● **DATA SUPPLIED**:
+++

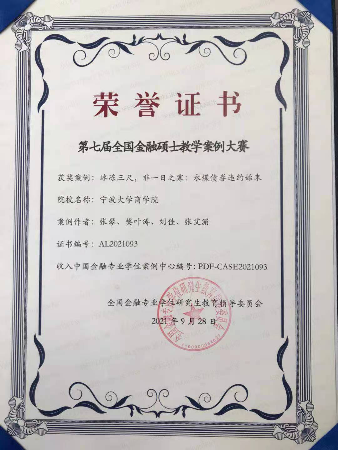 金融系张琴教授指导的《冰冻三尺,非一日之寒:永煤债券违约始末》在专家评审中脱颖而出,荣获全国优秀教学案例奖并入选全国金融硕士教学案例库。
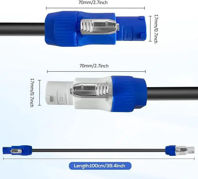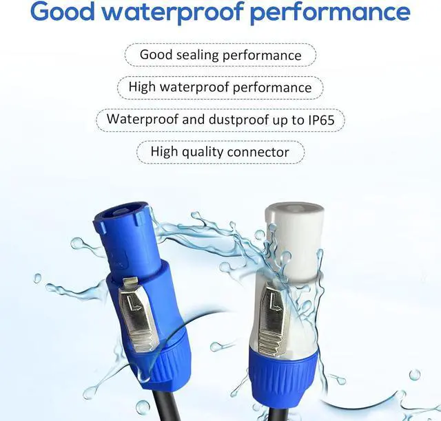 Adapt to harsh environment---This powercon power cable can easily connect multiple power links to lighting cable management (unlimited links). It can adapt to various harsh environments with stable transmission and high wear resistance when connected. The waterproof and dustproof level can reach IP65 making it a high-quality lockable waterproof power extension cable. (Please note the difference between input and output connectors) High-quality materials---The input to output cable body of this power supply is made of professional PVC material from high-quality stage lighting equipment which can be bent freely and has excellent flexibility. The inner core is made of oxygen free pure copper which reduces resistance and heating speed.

+++

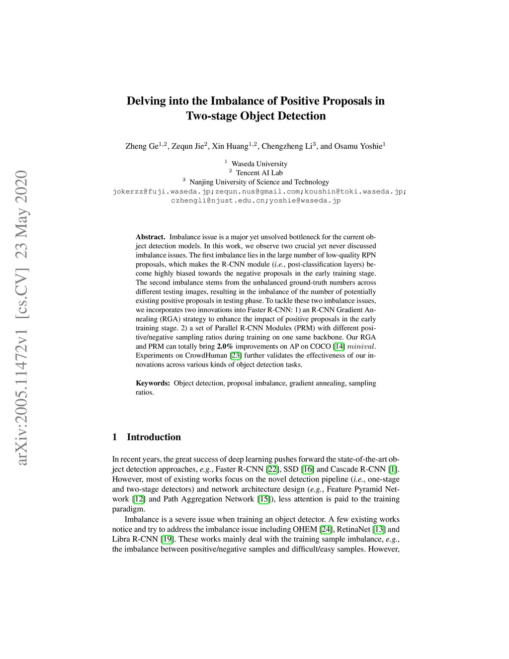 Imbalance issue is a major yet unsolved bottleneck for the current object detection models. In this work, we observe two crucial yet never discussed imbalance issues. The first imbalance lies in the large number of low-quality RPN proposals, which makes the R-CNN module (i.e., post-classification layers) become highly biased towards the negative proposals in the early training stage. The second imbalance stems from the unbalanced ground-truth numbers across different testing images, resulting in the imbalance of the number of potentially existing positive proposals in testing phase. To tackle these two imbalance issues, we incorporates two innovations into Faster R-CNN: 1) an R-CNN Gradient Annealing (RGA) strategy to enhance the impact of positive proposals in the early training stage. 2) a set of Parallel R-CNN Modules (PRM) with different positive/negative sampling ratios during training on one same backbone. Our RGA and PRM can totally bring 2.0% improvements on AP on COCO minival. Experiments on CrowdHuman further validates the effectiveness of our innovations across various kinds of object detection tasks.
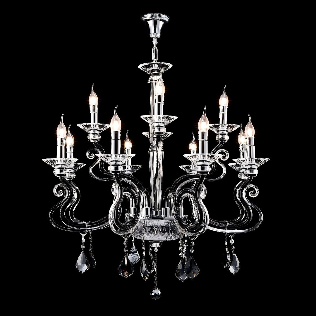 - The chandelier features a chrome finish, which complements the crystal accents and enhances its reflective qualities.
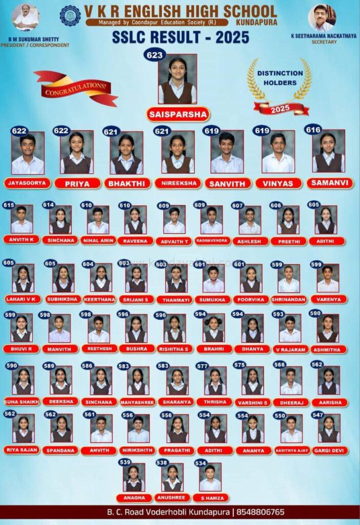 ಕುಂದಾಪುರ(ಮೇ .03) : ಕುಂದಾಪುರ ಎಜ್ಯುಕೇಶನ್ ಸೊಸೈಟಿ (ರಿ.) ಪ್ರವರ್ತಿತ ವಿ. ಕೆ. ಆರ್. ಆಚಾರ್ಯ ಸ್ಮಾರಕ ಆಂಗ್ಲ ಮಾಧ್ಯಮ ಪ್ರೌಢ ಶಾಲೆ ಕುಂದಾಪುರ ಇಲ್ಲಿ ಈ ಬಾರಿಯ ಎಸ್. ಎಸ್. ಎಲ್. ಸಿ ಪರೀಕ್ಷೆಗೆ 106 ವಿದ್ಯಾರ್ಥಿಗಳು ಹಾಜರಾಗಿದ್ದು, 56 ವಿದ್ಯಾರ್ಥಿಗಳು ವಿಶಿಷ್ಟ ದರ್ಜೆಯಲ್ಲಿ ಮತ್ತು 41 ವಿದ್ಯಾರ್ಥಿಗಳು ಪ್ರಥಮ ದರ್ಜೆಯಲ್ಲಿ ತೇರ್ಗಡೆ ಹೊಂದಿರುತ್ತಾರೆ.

+++

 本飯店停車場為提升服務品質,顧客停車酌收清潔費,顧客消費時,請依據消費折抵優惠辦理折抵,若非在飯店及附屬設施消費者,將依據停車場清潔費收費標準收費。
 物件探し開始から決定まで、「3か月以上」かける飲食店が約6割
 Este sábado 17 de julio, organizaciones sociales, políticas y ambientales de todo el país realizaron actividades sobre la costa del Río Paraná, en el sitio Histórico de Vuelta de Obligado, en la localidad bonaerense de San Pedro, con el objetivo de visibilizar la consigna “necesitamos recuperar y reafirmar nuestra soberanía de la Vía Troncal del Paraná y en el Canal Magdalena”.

+++

● **TASK DIRECTIONS**: The required output is the stretch of entries above from the line containing "本飯店停車場為提升服務品質,顧客停車酌收" through the line containing "Este sábado 17", reproduced exactly.

● **PROBLEM SOLUTION**:
 本飯店停車場為提升服務品質,顧客停車酌收清潔費,顧客消費時,請依據消費折抵優惠辦理折抵,若非在飯店及附屬設施消費者,將依據停車場清潔費收費標準收費。
 物件探し開始から決定まで、「3か月以上」かける飲食店が約6割
 Este sábado 17 de julio, organizaciones sociales, políticas y ambientales de todo el país realizaron actividades sobre la costa del Río Paraná, en el sitio Histórico de Vuelta de Obligado, en la localidad bonaerense de San Pedro, con el objetivo de visibilizar la consigna “necesitamos recuperar y reafirmar nuestra soberanía de la Vía Troncal del Paraná y en el Canal Magdalena”.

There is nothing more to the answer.